The stand-off continued for some time. Hisham guarded the small opening alone, firing an arrow when the opportunity presented itself, or taking up the sword when someone grew ambitious. Jonas and Llew offered their own knife- or sword-arms, but for the most part one was sufficient. Still, they were but three against thirty, if Llew’s earlier observation had been accurate. As difficult as it was for the Turhmos soldiers to strike them, neither could they make a significant dent in those numbers.
A lull washed through those gathered above. Llew shared looks with Hisham and Jonas. Were they going to be offered terms? Llew wouldn’t be going without a fight. There was nothing they could be offered, except a truce in dealing with Aris, a plan to replant Ajnais, and the freedom of all Aenuks. She had doubts about her leverage for any of these demands. Still, she would make them.
“It’s time to give up, I’m afraid.” A chillingly familiar voice oozed through the opening. The trapdoor darkened.
Hisham got down on his knees, drew and fired an arrow straight up. It disappeared in silence.

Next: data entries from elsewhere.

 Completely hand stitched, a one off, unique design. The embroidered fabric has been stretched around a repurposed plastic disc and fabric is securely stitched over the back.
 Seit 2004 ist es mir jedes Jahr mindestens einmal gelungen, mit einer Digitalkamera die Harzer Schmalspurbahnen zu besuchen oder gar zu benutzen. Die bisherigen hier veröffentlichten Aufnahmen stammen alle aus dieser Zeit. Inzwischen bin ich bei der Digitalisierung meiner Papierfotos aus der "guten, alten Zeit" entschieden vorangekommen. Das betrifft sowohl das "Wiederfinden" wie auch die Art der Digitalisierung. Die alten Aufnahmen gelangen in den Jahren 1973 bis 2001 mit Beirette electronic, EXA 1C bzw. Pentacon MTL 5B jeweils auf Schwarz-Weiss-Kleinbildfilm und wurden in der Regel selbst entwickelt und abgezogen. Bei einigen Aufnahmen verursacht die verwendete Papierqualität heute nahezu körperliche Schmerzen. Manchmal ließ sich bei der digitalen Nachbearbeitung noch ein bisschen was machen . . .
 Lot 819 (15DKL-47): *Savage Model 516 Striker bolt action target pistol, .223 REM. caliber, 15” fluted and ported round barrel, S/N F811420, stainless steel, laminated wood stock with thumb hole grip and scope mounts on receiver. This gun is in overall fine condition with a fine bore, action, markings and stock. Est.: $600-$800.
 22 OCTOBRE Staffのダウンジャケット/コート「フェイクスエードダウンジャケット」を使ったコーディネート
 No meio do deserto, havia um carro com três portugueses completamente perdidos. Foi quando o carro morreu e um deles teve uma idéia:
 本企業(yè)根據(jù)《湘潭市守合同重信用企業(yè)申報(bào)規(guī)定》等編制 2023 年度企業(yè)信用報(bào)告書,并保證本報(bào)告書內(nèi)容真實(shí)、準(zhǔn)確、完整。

A leather shoe reached down and found leverage on the first step. Its partner eased onto the second, the long, leather coat hanging down behind them.
Hisham took up his sword and took a swing at Braph’s legs. None of them would mourn his mobility. The blade bounced a hair’s breadth from striking him. Hisham stumbled back, thrown off balance.
Llew felt the blood leave her face. “He’s got Aenuk blood.”
Braph jumped to the ground and swept around to face them, his new device displayed to its full thanks to his modified jacket sleeve. Slotted in place: a glass vile of blood. “I do.”